Aih, orangtua mana yang tak geli mendengar lirik seperti ini dinyanyikan oleh anak-anak?. Sekali waktu pernah juga saya mendengar lagu ini dari keponakan yang masih duduk di kelas dua SD. Begitu menghayati dia menyanyikannya.
Masuk gang kumuh, lewat di komplek perumahan, atau tak sengaja bertemu di jalan dengan anak-anak, lagu-lagu orang dewasa saja yang terdengar diperbincangkan oleh mereka. “Noah keren tau!.” Atau “Aku udah punya CD Kotak mah.” Bagi mereka, barangkali A.T. Mahmud dan ibu Sud adalah semacam alien yang telah punah.
Tapi seperti bidadari yang jatuh dari surga dalam lirik lagu boyband bocah, kini hadir odong-odong yang ibarat diutus dari surga untuk mengkampanyekan kembali lagu anak-anak. Serupa bidadari, dia pun anomali. Di tengah jaman yang melimpah oleh permainan anak-anak yang serba digital, odong-odong muncul dengan bersahaja. Di gang-gang kecil, kendaraan kayuh yang dilengkapi kursi-kursi kecil itu memutar lagu-lagu ceria khas anak-anak.
Dalam kesederhanaan odong-odong, bidadari tidak jatuh dari surga, namun lebih dekat dan nyata, dia adalah Amelia. Lagu yang diciptakan A.T. Mahmud itu terinspirasi dari anak kecil yang riang, sering bertanya, tidak bisa diam, dan ingin tahu banyak hal. Gadis kecil itu adalah anaknya Emil Salim, Menteri Lingkungan Hidup di masa Orba yang tak lain adalah sahabat si pencipta lagu tersebut. Sambil duduk di kursi kecil yang turun-naik akibat kayuhan, anak-anak senang mendengarkan ini :
O Amelia gadis cilik lincah nian / tak pernah sedih riang selalu sepanjang hari / O Amelia gadis cilik ramah nian / di mana-mana Amelia temannya banyak.

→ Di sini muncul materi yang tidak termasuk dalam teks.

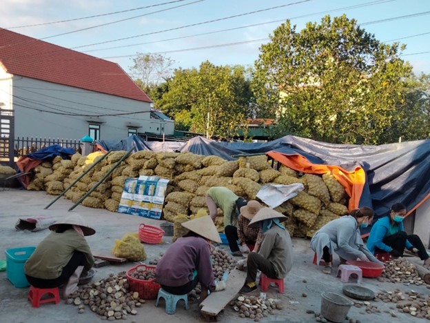 Phụ nữ xã Đông Hải đóng gói khoai tây để chuẩn bị đưa đi bán

Sekali waktu, Roike, anaknya A.T. Mahmud sedang bermain di beranda rumah. Saat ia melihat ke langit dan melihat bulan, ia segera berlari dan menggandeng lengan ayahnya dan diajak ke luar. Tiba-tiba anak itu berkata, “Pak, ambilkan bulan.” Dari situ lahirlah lagu Ambilkan Bulan Bu. Lagu ini tersedia juga di tukang odong-odong. Untuk apa minta diambilkan bulan?, kata si penggubah, dalam bahasa anak-anak; untuk menemani tidur yang lelap di malam gelap.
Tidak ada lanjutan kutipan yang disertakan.